All the focus this morning is on Black Friday, with updates, deal finders, live blogs and updates from the US, where the phenomenon started.

The Daily Mail carries a report from building society Nationwide outlining that the potential big winners of the event are department stores, which saw sales boom 220% on Black Friday last year. Major stores like Debenhams, House of Fraser, John Lewis and Selfridges recorded £5.3m spent on Black Friday in 2014 by Nationwide credit and debit card customers compared to £1.7m on the Friday the week before. The paper goes on to report that the deep day of discounts may eventually disappear as fast as it arrived. It quotes a study published by business consultancy LCP which found that one-third of retailers believed Black Friday was unprofitable and unsustainable. “Black Friday has become a phenomenon for all the wrong reasons,” The Daily Mail added. “The event has triggered some of the ugliest scenes ever experienced in UK shops, and experts are questioning whether it’s more trouble than it is worth.”
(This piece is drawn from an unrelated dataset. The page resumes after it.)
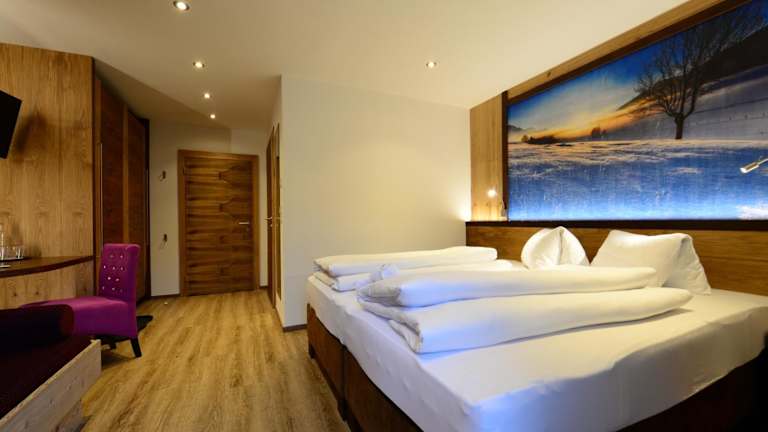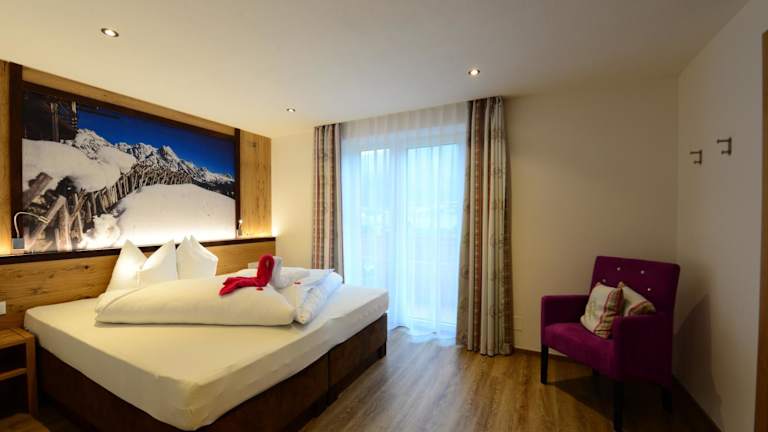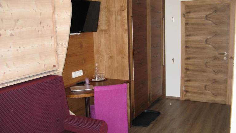 2 Doppel-, 2 Dreibett- und 1 Familiezimmer mit DU/WC, Balkon, Kabel-TV, W-Lan, Safe, Haarföhn; 2 Appartements mit Wohnküche, Bad, WC, Balkon, je 2 Doppel- bzw. 1 Familienzimmer und 1 Mansardenzimmer (Betten hintereinander) für jeweils bis zu 6 Personen;

“Did you push a shopper to the floor this morning to snatch a cut-price television from their grasp? Perhaps you stayed up all night to nab an early bargain on the web? If not, then you clearly haven’t entered into the spirit of Black Friday,” says The Times. It picks up predictions by analysts that the biggest shopping day of the year will result, for the first time, in British consumers spending £1bn online in 24 hours.

The Independent writes of a backlash against the event with tens of thousands of Britons signalling their disapproval of Black Friday online in a protest against “aggressive consumerism”. A Facebook event, ‘Buy Nothing Friday’, currently has more than 30,000 “attendees”.

Outside of the Black Friday bubble, Tesco’s US lawsuit gets plenty of coverage. The retailer will pay $12m to settle a class-action lawsuit stemming from the £263m profit overstatement last year. However, the UK’s biggest supermarket chain is not admitting liability, The Financial Times reports. US owners of American Depositary Receipts (ADRs), financial instruments to give investors overseas access to shares in a non-US company, brought the class action lawsuit against Tesco. They lost massive sums in the business as the share price melted when the accountancy scandal emerged (The Telegraph).

The Guardian features a profile with Co-op CEO Richard Pennycook, who took the helm last year. He says community projects are way to make the group’s grocery stores, funeral parlours and insurance businesses attractive again. Pennycook tells the paper that he wants the Co-op’s staff and seven million members to play an important role in their communities. “Over the years, the Co-op has become a bit corporate and a bit centralised,” he adds. “We are unpicking that. We want engagement to be at a local level. We are in every postcode. We have units in about 2,000 communities in the UK and the new member proposition will be about those communities.”

Like-for-like sales at airport caterer SSP Group, which owns Upper Crust and runs Burger King and Marks & Spencer Simply Food outlets, jumped by 3.7% to £1.8bn, with operating profits up 10.1% to £97.4m. The Times focuses on CEO Kate Swann playing down the impact of terrorist attacks on trading (the group operates in Paris Charles de Gaulle airport and Sharm el-Sheikh in Egypt). The boss of the group said that although it was too early to judge the impact of such events, the travel industry had a record of bouncing back from even “major events like 9/11”, and long-term passenger trends remained very strong. The Daily Mail goes with the headline: “Cheesy does it at food group SSP as profits rise to £76.8m following a £13.5m loss the previous year.” The paper added that grating cheese on pizza rather than slicing it, and other cost-cutting measures, helped food group post a strong rise in annual profit.